UK calls for action on racial bias in medical devices

FAN Editor
FILE PHOTO: Coronavirus disease (COVID-19) pandemic in Greece
FILE PHOTO: A pulse oximeter is placed on the hand of a coronavirus disease (COVID-19) positive patient at the intensive care unit (ICU) of the Sotiria hospital, in Athens, Greece, November 12, 2021. Picture taken November 12, 2021. REUTERS/Giorgos Moutafis/File Photo

November 21, 2021

LONDON (Reuters) – Britain called on Sunday for international action on the issue of medical devices such as oximeters that work better on people with lighter skin, saying the disparities may have cost lives of ethnic minority patients during the COVID-19 pandemic.

Health Secretary Sajid Javid said he had commissioned a review of the issue after learning that oximeters, which measure blood oxygen levels and are key to assessing COVID patients, give less accurate readings for patients with darker skin.

“This is systemic across the world. This is about a racial bias in some medical instruments. It’s unintentional but it exists and oximeters are a really good example of that,” Javid said during an interview with the BBC.

Asked whether people may have died of COVID-19 as a result of the flaw, Javid said: “I think possibly yes. I don’t have the full facts.”
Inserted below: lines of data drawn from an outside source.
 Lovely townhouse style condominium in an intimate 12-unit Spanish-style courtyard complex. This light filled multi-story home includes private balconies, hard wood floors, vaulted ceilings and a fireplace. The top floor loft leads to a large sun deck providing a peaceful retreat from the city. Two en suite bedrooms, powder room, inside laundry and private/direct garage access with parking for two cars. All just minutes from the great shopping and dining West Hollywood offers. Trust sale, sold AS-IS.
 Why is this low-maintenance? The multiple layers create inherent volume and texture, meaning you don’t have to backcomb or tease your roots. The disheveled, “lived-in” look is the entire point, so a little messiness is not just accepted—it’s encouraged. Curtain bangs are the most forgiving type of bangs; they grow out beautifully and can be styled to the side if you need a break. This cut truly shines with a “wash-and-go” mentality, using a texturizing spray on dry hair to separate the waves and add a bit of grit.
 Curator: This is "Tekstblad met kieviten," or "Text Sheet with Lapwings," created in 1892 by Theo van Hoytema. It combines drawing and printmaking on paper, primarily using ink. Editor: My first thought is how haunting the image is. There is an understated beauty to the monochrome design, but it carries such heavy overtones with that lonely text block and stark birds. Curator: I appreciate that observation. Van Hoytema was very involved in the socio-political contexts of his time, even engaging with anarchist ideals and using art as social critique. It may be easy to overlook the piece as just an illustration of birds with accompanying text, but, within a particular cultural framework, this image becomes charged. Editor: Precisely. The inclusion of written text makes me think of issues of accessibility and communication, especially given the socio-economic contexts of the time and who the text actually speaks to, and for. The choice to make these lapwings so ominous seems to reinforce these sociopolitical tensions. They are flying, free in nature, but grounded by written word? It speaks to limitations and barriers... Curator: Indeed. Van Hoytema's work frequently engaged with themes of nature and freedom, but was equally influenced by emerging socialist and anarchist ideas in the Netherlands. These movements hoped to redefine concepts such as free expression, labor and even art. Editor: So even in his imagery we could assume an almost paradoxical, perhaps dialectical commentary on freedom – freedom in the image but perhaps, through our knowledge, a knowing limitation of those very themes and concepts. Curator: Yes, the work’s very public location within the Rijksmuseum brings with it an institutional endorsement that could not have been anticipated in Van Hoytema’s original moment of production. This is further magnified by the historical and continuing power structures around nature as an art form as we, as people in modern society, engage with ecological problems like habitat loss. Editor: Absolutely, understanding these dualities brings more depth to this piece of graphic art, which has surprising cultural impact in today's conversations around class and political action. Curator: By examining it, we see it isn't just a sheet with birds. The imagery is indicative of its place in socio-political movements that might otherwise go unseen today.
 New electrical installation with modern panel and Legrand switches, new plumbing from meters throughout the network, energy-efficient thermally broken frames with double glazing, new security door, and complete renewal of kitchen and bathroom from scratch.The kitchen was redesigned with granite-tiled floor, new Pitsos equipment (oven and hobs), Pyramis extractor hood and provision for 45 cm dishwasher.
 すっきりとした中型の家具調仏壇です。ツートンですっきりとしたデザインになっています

He said the reason for the discrepancies was that a lot of medical devices, drugs, procedures and textbooks were put together in white majority countries.

“I want to make sure that we do something about it but not just in the UK. This is an international issue so I’m going to work with my counterparts across the world to change this,” said Javid.

He said he had already spoken about the issue to his U.S. counterpart, who was as interested in it as he was.

Javid said he had become aware of the problem after looking into why, in Britain, people from black and other minority ethnic backgrounds had been disproportionately affected by COVID-19.

He said that at the height of the early stages of the pandemic, a third of admissions for COVID into intensive care units were for ethnic minority patients, which was double their representation in the general population.